(MATERIALS PROVIDED)
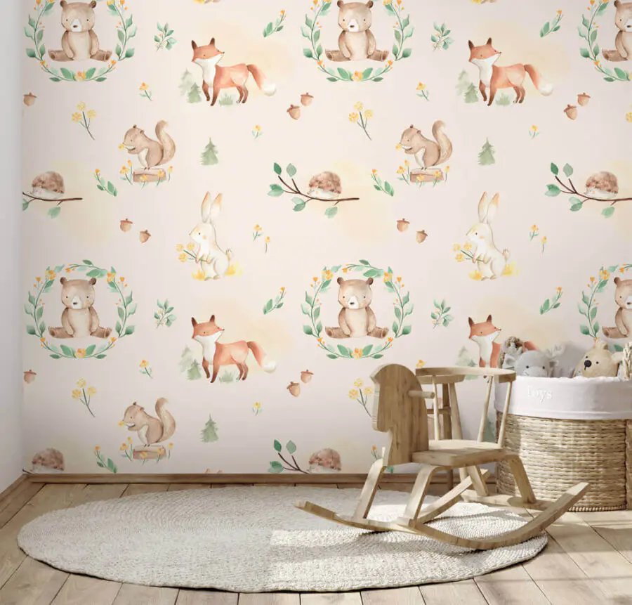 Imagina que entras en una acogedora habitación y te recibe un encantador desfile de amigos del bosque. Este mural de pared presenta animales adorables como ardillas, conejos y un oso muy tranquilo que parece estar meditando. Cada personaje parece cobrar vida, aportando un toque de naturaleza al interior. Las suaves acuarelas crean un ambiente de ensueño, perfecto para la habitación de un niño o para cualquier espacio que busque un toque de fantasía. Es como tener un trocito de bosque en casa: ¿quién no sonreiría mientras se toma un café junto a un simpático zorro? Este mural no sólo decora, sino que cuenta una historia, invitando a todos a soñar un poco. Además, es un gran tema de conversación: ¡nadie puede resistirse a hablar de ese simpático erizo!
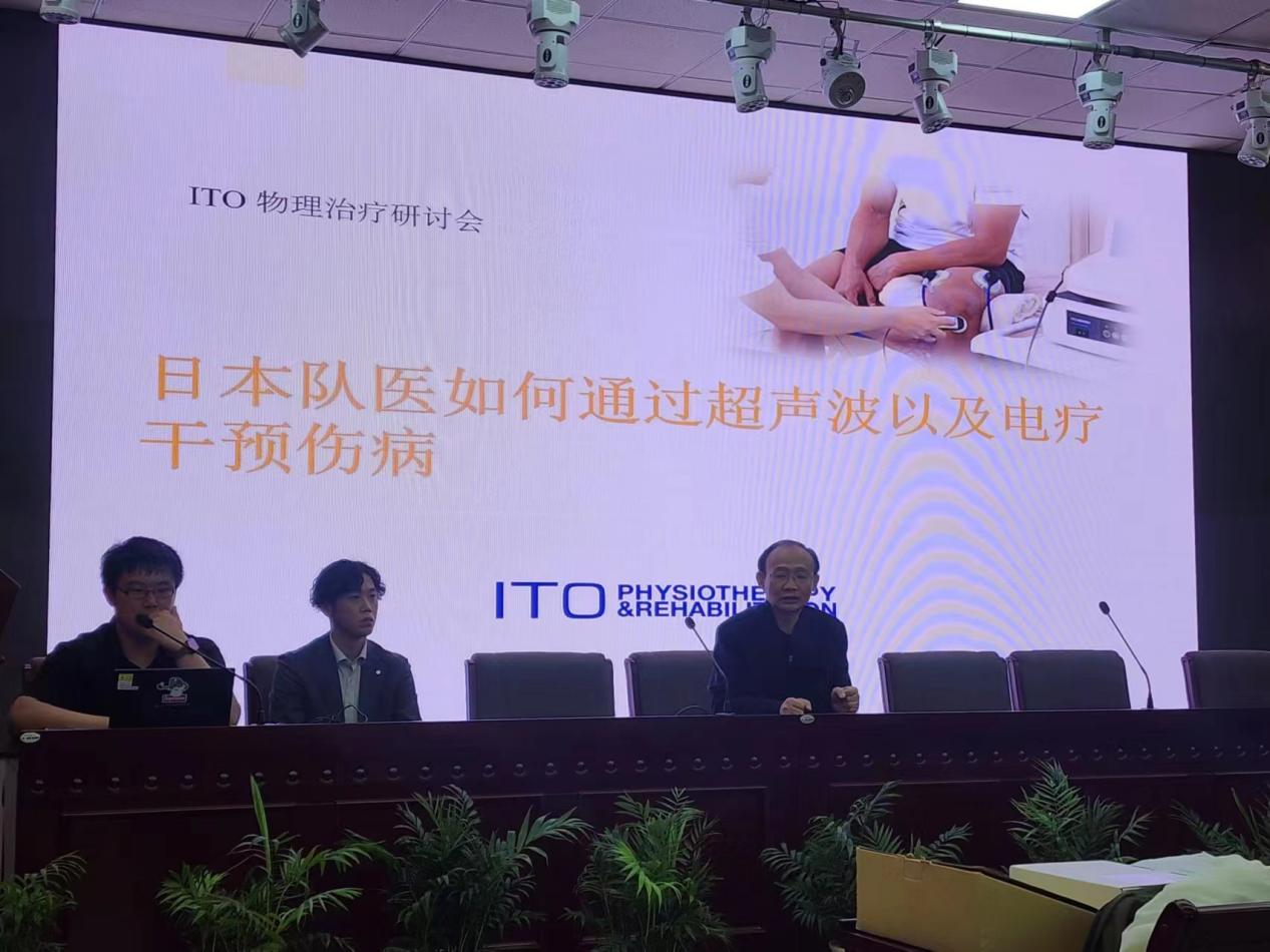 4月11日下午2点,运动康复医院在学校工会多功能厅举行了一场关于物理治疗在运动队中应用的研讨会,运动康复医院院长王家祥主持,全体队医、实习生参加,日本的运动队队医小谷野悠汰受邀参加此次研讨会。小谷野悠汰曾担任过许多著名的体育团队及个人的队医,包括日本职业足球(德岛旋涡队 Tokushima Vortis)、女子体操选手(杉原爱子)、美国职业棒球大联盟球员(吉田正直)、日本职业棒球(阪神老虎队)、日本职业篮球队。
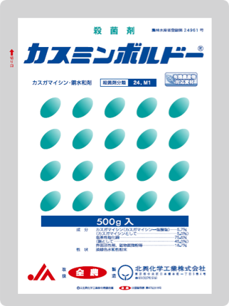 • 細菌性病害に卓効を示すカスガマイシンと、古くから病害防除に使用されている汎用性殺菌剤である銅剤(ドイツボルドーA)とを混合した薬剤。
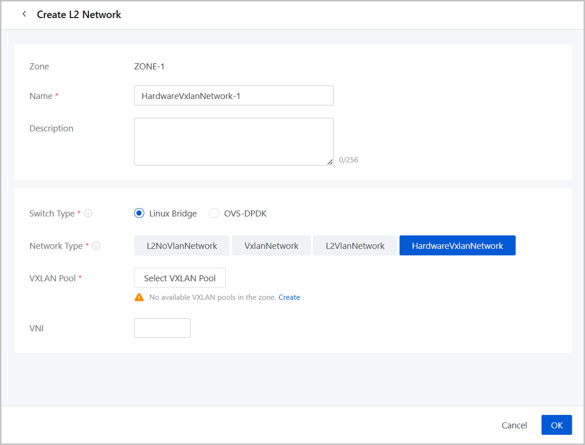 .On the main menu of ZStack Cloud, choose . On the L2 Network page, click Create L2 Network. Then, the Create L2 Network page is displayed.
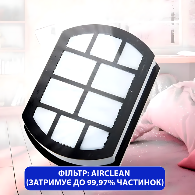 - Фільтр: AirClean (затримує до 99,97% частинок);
(End MATERIALS PROVIDED)
REQUIREMENT » Output every record above word for word, omitting any pictures they contain.

OUTPUT OF THE TASK »
 Imagina que entras en una acogedora habitación y te recibe un encantador desfile de amigos del bosque. Este mural de pared presenta animales adorables como ardillas, conejos y un oso muy tranquilo que parece estar meditando. Cada personaje parece cobrar vida, aportando un toque de naturaleza al interior. Las suaves acuarelas crean un ambiente de ensueño, perfecto para la habitación de un niño o para cualquier espacio que busque un toque de fantasía. Es como tener un trocito de bosque en casa: ¿quién no sonreiría mientras se toma un café junto a un simpático zorro? Este mural no sólo decora, sino que cuenta una historia, invitando a todos a soñar un poco. Además, es un gran tema de conversación: ¡nadie puede resistirse a hablar de ese simpático erizo!
 4月11日下午2点,运动康复医院在学校工会多功能厅举行了一场关于物理治疗在运动队中应用的研讨会,运动康复医院院长王家祥主持,全体队医、实习生参加,日本的运动队队医小谷野悠汰受邀参加此次研讨会。小谷野悠汰曾担任过许多著名的体育团队及个人的队医,包括日本职业足球(德岛旋涡队 Tokushima Vortis)、女子体操选手(杉原爱子)、美国职业棒球大联盟球员(吉田正直)、日本职业棒球(阪神老虎队)、日本职业篮球队。
 • 細菌性病害に卓効を示すカスガマイシンと、古くから病害防除に使用されている汎用性殺菌剤である銅剤(ドイツボルドーA)とを混合した薬剤。
 .On the main menu of ZStack Cloud, choose . On the L2 Network page, click Create L2 Network. Then, the Create L2 Network page is displayed.
 - Фільтр: AirClean (затримує до 99,97% частинок);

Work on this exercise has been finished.